The incident occurred just a few seconds after the Olympic silver medalist began his run, the drone shattering into many pieces and barely missing him. If you missed it, Associated Press posted a video of the drone crash:

Drones had been used in ski races before, and FIS agreed to allow them during this race in Vienna, but the pilot was instructed that flying the drone over the race course was not allowed.

“He did not follow our instructions,” Waldner told AP. “He had to fly outside the race track and follow the racer from a 15-meter [50-foot] distance. Then there would have been a margin and nothing could have happened.”

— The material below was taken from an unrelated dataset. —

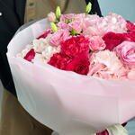 Ощутите пленительную энергию нашей фирменной розово-фуксиевой композиции. Этот дизайн, получивший название «Букет фуксии», представляет собой роскошное сочетание нежных, романтичных розовых и ярких, электризующих фуксиевых роз, излучающих страсть и радостную привязанность. Каждая деталь продумана для максимального эффекта: • Яркая гармония: потрясающий градиент нежно-розовых и насыщенных, притягивающих взгляд роз цвета фуксии наполняет этот букет, символизируя динамичную любовь, глубокое восхищение и чистое счастье. • Пышная текстура: обилие бархатистых роз разных размеров создает плотную, роскошную текстуру, визуально богатую и роскошную с любой стороны. • Нежная подача: вся композиция обернута в мягкую, полупрозрачную светло-розовую упаковку, изящно перевязанную элегантной атласной лентой, что гарантирует потрясающий, изысканный вид. Гарантированно захватывает дух. Что включено • Большой букет розовых и фуксиевых роз • Бесплатная подкормка для цветов (для сохранения свежести) • Персонализированная открытка (для выражения ваших сердечных пожеланий) Идеальный подарок для: Незабываемого романтического жеста, яркого сюрприза на день рождения, выражения глубокой благодарности или просто для того, чтобы привнести в чей-то дом непревзойденную яркость и роскошь.
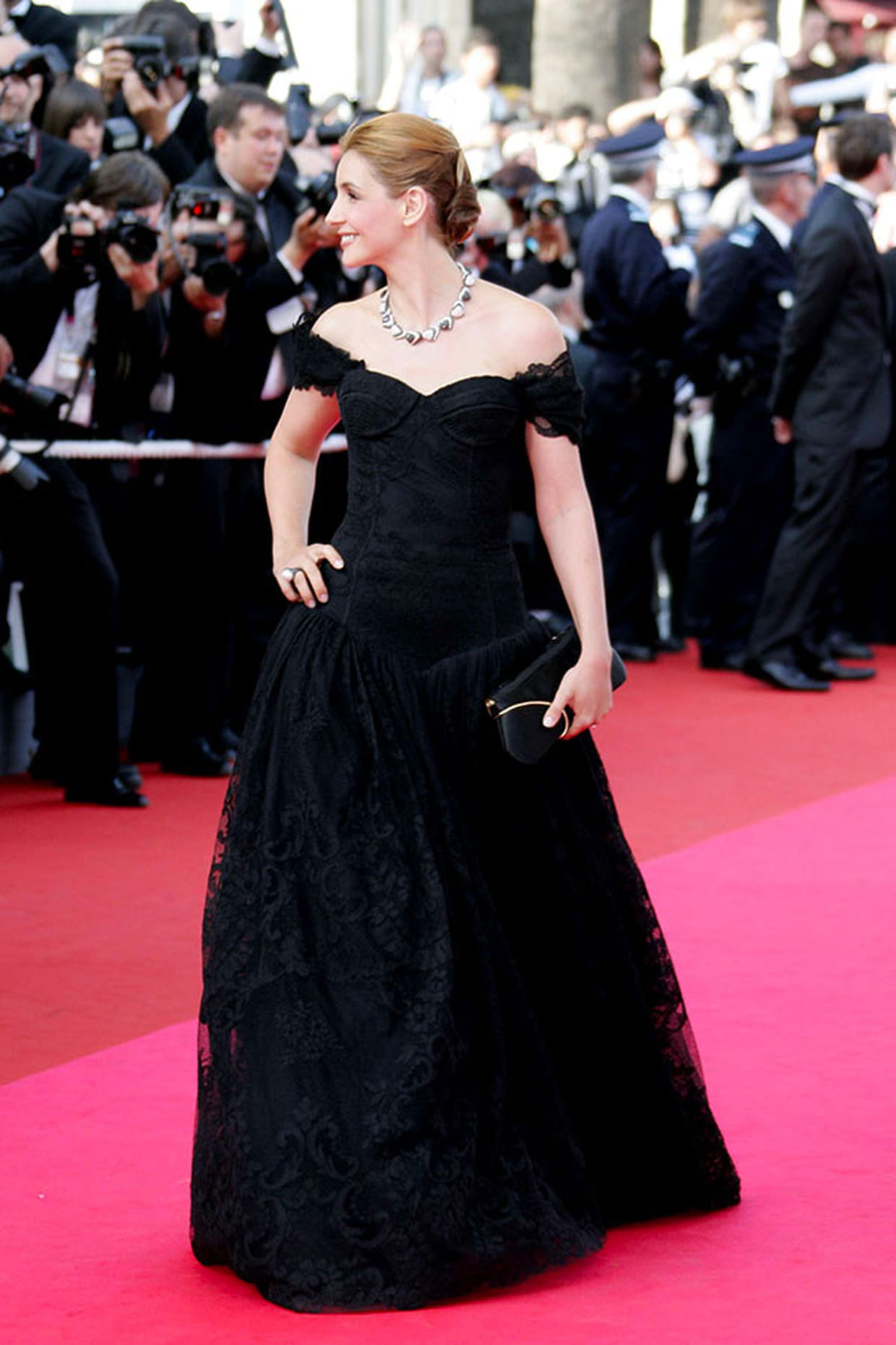 Clotilde Courau en robe longue noire en dentelle et encolure Bardot

According to The Associated Press, In-front, the company involved in the drone crash, said in a statement: “We are extremely relieved that apparently none was hurt. At the same time, this incident is being taken very seriously and the circumstances leading to it are currently being examined. An update will be provided as soon as secured information is available.”

Kristoffersen was “very relieved” that a tragedy had been averted.

“You don’t want to think about what could have happened when 10 kilograms [22 pounds] are coming down 20 meters [65 feet],” he said. “That would have been a very serious, bad injury.

“There are a lot of cool things nowadays. But you have to guarantee the safety — and that was just insane.”